RECORDS FOR THIS EXERCISE:
*** Begin section ***

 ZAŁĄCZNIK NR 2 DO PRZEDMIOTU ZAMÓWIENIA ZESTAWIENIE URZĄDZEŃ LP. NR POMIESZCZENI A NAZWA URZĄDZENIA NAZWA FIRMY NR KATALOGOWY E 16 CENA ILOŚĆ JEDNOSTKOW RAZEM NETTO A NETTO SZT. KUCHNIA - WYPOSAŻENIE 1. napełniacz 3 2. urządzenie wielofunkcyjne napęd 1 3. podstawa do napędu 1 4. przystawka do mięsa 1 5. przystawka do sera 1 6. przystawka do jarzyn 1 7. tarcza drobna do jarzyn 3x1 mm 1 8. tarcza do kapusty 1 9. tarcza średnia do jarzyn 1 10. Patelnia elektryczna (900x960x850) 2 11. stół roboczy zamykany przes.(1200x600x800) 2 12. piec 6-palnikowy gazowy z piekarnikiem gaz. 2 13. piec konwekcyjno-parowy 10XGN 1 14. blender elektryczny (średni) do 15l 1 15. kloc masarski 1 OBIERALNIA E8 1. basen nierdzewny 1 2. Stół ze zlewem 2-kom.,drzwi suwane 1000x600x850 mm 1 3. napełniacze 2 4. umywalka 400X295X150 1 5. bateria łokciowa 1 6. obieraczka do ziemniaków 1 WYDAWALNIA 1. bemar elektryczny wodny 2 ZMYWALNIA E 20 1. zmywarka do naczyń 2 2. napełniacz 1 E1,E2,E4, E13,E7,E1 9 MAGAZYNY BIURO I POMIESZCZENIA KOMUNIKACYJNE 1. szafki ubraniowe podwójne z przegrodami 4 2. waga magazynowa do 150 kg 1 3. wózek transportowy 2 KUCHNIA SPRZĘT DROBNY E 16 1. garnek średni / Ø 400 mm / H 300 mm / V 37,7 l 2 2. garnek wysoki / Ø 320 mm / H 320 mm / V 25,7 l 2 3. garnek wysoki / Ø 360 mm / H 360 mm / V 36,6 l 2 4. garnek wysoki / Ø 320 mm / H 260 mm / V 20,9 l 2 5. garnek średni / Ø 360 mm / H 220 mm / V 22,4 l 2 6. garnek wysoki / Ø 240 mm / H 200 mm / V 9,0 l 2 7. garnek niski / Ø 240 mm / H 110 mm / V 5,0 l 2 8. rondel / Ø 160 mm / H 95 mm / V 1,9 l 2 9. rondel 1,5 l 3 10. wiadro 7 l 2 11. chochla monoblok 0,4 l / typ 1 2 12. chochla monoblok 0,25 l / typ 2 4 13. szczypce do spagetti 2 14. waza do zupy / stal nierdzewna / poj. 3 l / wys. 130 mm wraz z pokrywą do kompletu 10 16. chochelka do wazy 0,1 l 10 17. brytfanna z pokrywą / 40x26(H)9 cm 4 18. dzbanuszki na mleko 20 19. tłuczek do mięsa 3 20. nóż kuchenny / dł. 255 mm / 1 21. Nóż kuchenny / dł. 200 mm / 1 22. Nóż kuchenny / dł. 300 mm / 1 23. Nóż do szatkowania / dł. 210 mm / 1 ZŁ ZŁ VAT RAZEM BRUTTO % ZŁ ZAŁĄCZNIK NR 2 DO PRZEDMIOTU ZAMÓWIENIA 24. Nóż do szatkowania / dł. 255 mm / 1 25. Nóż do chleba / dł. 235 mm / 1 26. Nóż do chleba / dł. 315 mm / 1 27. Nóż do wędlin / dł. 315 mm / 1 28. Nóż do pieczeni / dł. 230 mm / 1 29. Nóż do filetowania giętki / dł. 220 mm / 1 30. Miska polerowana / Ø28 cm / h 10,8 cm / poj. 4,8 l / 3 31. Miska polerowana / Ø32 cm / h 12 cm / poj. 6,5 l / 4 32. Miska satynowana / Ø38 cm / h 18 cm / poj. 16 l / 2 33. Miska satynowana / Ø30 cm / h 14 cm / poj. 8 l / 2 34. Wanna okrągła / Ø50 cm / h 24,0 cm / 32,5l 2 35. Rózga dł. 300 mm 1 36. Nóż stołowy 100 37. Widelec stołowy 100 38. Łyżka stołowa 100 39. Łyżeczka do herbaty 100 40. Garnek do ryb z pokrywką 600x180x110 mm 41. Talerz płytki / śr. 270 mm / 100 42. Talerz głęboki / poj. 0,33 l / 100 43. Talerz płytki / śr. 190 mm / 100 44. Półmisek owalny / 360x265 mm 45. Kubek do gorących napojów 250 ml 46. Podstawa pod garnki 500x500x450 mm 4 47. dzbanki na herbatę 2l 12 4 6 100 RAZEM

*** End section ***
*** Begin section ***

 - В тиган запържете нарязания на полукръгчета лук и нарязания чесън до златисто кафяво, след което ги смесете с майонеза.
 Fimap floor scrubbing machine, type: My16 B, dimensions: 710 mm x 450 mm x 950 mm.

*** End section ***
*** Begin section ***

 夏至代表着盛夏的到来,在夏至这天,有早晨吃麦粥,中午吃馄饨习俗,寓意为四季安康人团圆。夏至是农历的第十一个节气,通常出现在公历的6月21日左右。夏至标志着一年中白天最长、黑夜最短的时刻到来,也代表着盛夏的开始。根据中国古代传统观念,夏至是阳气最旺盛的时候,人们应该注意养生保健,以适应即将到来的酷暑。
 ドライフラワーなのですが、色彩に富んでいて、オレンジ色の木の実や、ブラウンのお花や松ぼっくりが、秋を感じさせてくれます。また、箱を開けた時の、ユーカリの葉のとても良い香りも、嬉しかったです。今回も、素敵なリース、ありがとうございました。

*** End section ***

TASK BRIEF:
Look through the data above and return exactly the lines from the one that contains "夏至代表着盛夏的到来,在夏至" to the one that contains "ドライフラワーなのですが、色", inclusive, with nothing else.

SOLUTION TO THIS EXERCISE:
 夏至代表着盛夏的到来,在夏至这天,有早晨吃麦粥,中午吃馄饨习俗,寓意为四季安康人团圆。夏至是农历的第十一个节气,通常出现在公历的6月21日左右。夏至标志着一年中白天最长、黑夜最短的时刻到来,也代表着盛夏的开始。根据中国古代传统观念,夏至是阳气最旺盛的时候,人们应该注意养生保健,以适应即将到来的酷暑。
 ドライフラワーなのですが、色彩に富んでいて、オレンジ色の木の実や、ブラウンのお花や松ぼっくりが、秋を感じさせてくれます。また、箱を開けた時の、ユーカリの葉のとても良い香りも、嬉しかったです。今回も、素敵なリース、ありがとうございました。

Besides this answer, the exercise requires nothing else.